__Task directions__.
Start with the line that holds "There is ample". Please copy it and each remaining line below exactly, leaving pictures out.

__Record set__.
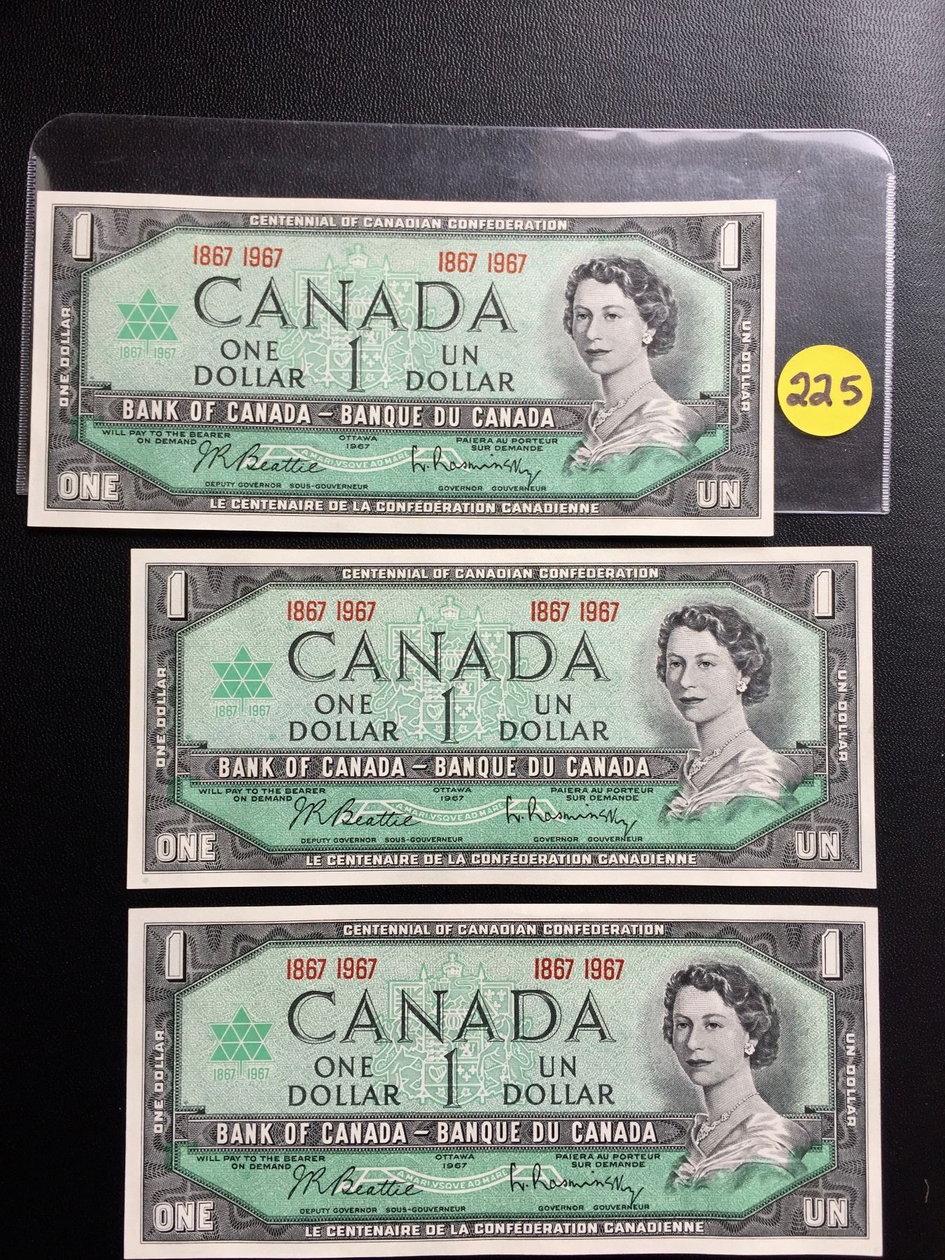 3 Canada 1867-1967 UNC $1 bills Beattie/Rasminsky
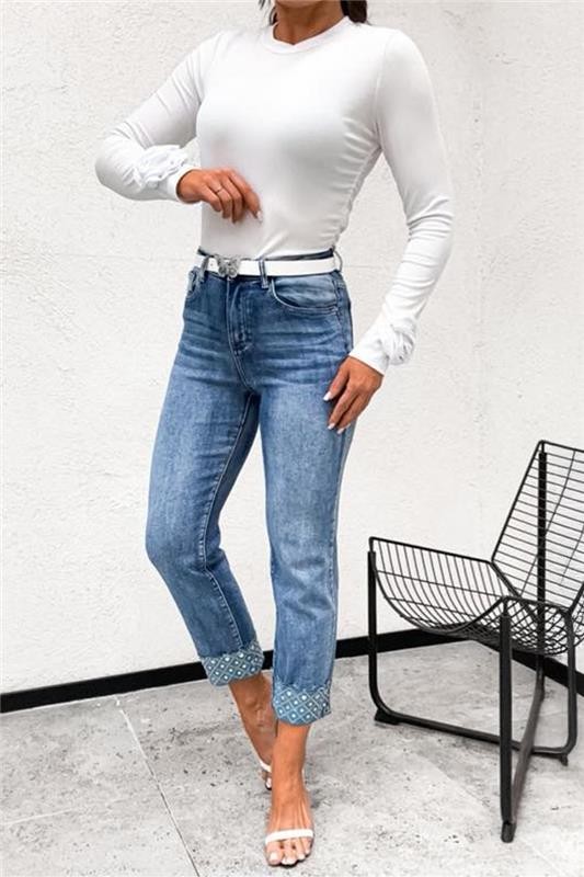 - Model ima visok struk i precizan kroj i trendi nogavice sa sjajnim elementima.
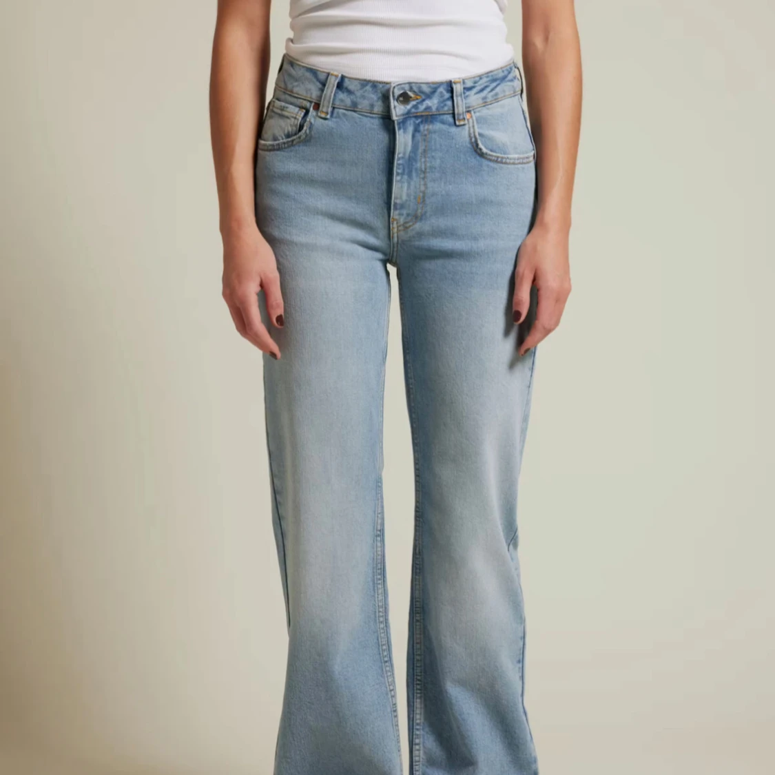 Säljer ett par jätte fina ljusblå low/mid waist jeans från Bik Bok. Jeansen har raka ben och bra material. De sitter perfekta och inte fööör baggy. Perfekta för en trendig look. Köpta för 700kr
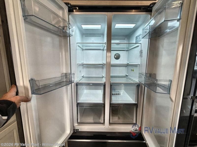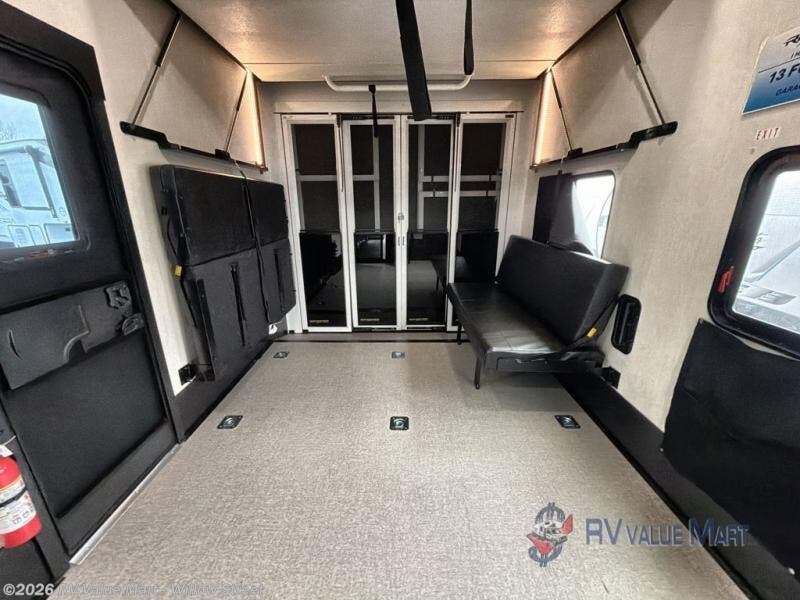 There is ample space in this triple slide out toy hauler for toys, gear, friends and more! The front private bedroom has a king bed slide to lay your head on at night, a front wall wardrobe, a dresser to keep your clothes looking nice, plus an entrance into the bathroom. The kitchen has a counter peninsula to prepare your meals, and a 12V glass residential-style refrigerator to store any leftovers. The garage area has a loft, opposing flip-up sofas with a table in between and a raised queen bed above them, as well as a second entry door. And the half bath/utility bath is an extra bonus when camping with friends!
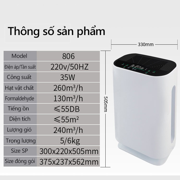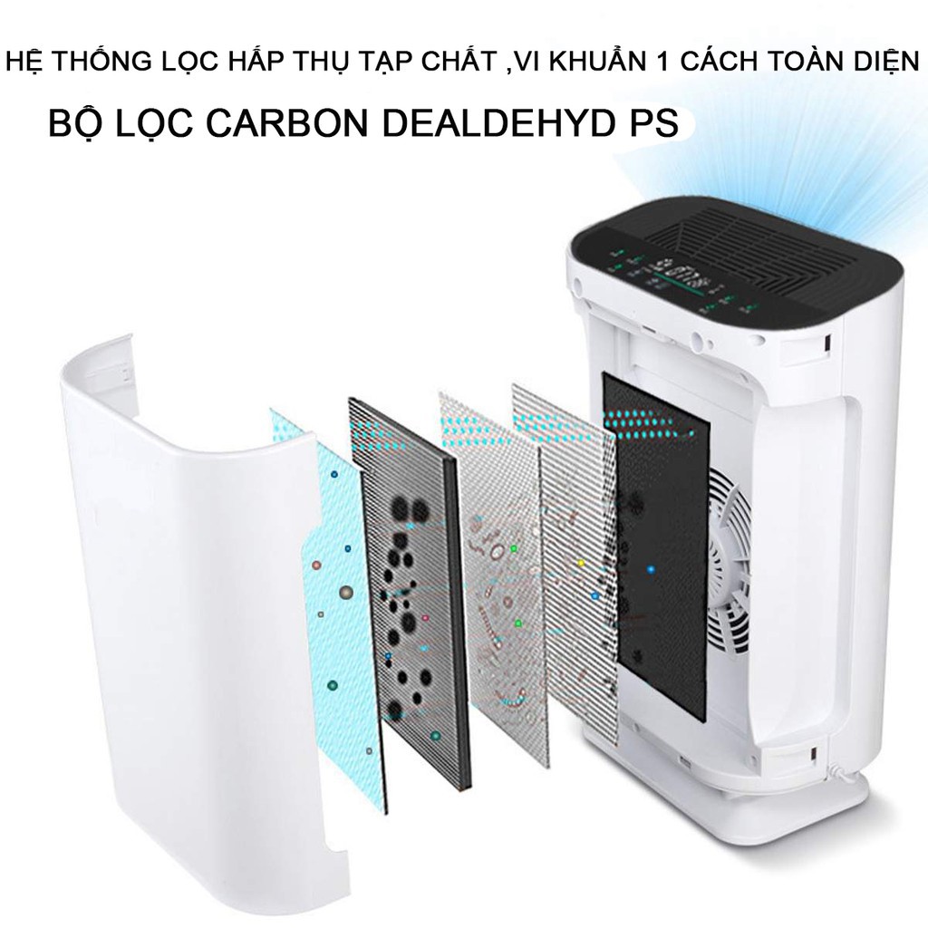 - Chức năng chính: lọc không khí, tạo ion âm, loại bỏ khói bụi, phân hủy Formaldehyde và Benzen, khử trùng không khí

__Exercise response__.
 There is ample space in this triple slide out toy hauler for toys, gear, friends and more! The front private bedroom has a king bed slide to lay your head on at night, a front wall wardrobe, a dresser to keep your clothes looking nice, plus an entrance into the bathroom. The kitchen has a counter peninsula to prepare your meals, and a 12V glass residential-style refrigerator to store any leftovers. The garage area has a loft, opposing flip-up sofas with a table in between and a raised queen bed above them, as well as a second entry door. And the half bath/utility bath is an extra bonus when camping with friends!
 - Chức năng chính: lọc không khí, tạo ion âm, loại bỏ khói bụi, phân hủy Formaldehyde và Benzen, khử trùng không khí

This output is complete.